Emerging markets see net outflow for the first time since November 2016

In the latest sign that investors are losing their appetite for risk, emerging markets’ stocks and bonds showed their first net outflows among non-resident investors in nearly a year and a half last month, a recent study from the Institute of International Finance (IIF) shows.

The most jarring decline was in emerging market bonds, which fell from $11 billion of money flowing in during March to just $0.3 billion of inflows last month. EM stocks recorded outflows of $0.5 billion, IIF said. The biggest outflows came from Asia, with emerging market nations in that region losing $7.8 billion during the month.

The net outflows from non-resident investors in April was the first time the asset class has seen a net pullback of investment since November 2016 when EM investors expected U.S. President Donald Trump’s election to hurt the growth of many emerging countries by delivering on campaign trail promises to scrap trade agreements and take a hard line on deals with China.

Traders work on the floor of the New York Stock Exchange (NYSE) in New York, U.S., May 1, 2018. REUTERS/Brendan McDermid

The IIF reported last week that $5.6 billion flowed out of emerging market bonds and stocks during just the April 16-25 timeframe. The sharp turnaround in positive flows that had gone to the asset class for most of the year was sharpest on April 23 as the U.S. 10-year Treasury note’s yield (^TNX) approached 3%, triggering the organization’s “reversal alert,” which denotes an unusually large turnaround in asset flows.

“EM debt flows were hit particularly hard, in ways reminiscent of the taper tantrum in May 2013,” IIF’s Sonja Gibbs, Emre Tiftik and Fiona Nguyen said in the release. “This highlights the sensitivity of EM portfolio debt flows to U.S. rates.
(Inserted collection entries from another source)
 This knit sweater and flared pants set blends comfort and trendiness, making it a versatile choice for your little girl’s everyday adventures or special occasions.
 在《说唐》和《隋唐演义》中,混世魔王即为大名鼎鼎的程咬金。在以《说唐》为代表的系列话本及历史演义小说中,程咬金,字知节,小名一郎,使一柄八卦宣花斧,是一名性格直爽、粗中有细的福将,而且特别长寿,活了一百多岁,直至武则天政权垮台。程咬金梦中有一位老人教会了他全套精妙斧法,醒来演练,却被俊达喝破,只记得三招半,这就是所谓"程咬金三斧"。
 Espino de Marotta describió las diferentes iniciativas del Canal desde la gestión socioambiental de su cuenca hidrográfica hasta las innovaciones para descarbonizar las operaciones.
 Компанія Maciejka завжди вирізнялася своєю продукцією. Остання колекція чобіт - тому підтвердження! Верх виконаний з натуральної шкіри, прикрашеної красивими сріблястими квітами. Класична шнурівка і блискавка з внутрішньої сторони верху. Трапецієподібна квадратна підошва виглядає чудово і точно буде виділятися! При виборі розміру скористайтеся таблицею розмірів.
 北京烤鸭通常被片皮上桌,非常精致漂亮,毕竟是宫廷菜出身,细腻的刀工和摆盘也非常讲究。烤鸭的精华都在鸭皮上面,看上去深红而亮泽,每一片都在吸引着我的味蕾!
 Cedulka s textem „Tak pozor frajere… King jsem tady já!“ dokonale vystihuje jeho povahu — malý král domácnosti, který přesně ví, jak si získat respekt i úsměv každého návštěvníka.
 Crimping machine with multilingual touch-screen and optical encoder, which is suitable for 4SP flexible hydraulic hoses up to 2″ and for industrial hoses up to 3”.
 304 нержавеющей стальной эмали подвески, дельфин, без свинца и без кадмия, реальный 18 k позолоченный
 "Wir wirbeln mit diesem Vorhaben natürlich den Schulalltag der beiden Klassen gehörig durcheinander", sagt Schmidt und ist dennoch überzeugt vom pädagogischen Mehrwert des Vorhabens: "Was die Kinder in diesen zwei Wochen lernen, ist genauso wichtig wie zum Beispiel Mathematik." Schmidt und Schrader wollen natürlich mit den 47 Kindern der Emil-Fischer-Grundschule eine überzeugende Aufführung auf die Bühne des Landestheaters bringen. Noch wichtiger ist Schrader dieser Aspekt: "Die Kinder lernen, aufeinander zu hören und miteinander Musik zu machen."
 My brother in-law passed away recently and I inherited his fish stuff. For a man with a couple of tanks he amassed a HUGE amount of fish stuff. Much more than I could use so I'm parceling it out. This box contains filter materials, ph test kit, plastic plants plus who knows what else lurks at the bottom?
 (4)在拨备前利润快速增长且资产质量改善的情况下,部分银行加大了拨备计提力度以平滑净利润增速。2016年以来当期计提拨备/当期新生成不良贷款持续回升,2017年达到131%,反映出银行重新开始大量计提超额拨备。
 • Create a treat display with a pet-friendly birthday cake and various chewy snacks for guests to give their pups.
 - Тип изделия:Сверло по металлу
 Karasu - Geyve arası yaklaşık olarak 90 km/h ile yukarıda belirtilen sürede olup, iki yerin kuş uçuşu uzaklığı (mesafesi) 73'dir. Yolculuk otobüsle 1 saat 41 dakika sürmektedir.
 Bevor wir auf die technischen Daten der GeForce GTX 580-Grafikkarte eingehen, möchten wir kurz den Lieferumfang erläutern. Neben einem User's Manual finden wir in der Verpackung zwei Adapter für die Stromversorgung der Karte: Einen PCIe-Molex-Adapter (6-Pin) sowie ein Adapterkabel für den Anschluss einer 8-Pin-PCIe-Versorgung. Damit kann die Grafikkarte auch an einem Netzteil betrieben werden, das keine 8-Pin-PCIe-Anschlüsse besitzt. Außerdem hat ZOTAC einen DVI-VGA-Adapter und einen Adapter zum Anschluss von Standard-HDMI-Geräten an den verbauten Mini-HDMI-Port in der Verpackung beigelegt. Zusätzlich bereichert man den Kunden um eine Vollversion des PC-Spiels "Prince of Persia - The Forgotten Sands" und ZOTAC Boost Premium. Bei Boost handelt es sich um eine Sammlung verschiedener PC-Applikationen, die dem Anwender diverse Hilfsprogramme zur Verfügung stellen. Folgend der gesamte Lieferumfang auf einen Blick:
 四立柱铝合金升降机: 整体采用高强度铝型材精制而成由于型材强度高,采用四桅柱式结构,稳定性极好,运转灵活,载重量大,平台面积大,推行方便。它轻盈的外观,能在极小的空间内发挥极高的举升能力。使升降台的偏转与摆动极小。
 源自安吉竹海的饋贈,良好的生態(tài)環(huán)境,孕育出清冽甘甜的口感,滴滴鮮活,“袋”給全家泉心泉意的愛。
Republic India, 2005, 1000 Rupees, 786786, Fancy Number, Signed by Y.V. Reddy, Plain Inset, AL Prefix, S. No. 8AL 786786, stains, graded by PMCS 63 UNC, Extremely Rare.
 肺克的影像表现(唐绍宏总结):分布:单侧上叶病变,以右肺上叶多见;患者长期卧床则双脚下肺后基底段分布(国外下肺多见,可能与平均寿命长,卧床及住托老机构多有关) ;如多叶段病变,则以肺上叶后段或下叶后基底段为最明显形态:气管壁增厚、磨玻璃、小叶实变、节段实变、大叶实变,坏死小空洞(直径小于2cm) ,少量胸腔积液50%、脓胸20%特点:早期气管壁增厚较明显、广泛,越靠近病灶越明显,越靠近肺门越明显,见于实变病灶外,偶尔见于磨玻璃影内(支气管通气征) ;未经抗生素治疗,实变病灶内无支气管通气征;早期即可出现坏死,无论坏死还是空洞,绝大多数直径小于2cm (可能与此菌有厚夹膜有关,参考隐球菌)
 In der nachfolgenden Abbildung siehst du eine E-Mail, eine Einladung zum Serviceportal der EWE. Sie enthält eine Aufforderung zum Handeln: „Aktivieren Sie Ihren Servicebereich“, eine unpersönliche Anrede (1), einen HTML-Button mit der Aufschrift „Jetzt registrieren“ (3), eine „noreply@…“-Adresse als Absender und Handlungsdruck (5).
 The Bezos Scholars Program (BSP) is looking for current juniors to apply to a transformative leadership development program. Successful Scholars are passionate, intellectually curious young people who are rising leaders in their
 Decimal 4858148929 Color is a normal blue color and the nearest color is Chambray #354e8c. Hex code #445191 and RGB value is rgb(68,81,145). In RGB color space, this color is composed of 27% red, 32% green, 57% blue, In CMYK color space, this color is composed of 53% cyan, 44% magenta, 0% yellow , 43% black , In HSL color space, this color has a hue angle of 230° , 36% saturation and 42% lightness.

The main driver has been the breach of 3% by U.S. 10-year Treasury yields for the first time in over four years, in part reflecting concerns about the projected rise in the U.S. Federal budget deficit.”

This chart shows how investors have put money in (and taken it out) of emerging markets assets over the past two years. April’s decline was small, but market the first time since November 2016 that the combination of EM stocks and bonds has shown a net outflow.

The 2013 taper tantrum was a major investor pullback in emerging market stocks and bonds after the Federal Reserve announced it would begin to ease, or taper, its quantitative easing program and raise U.S. overnight interest rates from near 0%. EM assets saw massive outflows after the comments from then-Fed Chair Ben Bernanke with U.S. equities plunging and bond yields shooting higher.

Despite significant volatility for much of this year, including February when declines in U.S. stocks sent EM investors into a panic, April marked the first time all year that flows for the entire month in both stocks and bonds were negative.